_EXERCISE DESCRIPTION:_
Copy exactly the lines of the records below, and only those lines, beginning with the line that contains "Flower Print Cotton" and ending with the line that contains "Standout, handmade kitchen".

_RECORDS FOR PROCESSING:_
※ ※ ※

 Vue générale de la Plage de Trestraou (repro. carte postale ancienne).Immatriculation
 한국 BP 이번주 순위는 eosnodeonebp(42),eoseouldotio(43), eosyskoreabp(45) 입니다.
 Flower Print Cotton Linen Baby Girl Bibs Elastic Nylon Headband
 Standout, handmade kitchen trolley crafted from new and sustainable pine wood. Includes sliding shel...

※ ※ ※

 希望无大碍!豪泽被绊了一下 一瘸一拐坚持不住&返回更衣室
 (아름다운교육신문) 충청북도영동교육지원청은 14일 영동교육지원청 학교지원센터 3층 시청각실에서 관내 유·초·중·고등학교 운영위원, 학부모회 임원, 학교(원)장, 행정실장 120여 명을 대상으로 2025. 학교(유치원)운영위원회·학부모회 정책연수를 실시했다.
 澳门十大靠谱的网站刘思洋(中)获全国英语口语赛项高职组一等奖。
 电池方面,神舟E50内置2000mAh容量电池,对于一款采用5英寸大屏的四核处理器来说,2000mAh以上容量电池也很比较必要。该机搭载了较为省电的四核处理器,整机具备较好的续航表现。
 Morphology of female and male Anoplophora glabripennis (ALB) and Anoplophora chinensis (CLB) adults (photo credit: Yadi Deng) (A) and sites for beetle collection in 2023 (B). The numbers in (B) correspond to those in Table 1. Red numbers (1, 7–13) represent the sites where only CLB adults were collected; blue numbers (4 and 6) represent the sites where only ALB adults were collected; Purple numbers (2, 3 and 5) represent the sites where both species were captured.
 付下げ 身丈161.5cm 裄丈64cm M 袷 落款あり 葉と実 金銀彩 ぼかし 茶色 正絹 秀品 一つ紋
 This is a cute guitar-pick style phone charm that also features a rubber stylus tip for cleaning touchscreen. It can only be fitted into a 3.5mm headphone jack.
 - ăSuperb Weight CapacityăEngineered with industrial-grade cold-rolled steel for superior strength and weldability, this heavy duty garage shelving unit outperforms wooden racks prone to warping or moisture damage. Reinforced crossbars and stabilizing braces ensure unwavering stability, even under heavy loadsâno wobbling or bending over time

※ ※ ※

_RESPONSE FOR THIS EXERCISE:_
 Flower Print Cotton Linen Baby Girl Bibs Elastic Nylon Headband
 Standout, handmade kitchen trolley crafted from new and sustainable pine wood. Includes sliding shel...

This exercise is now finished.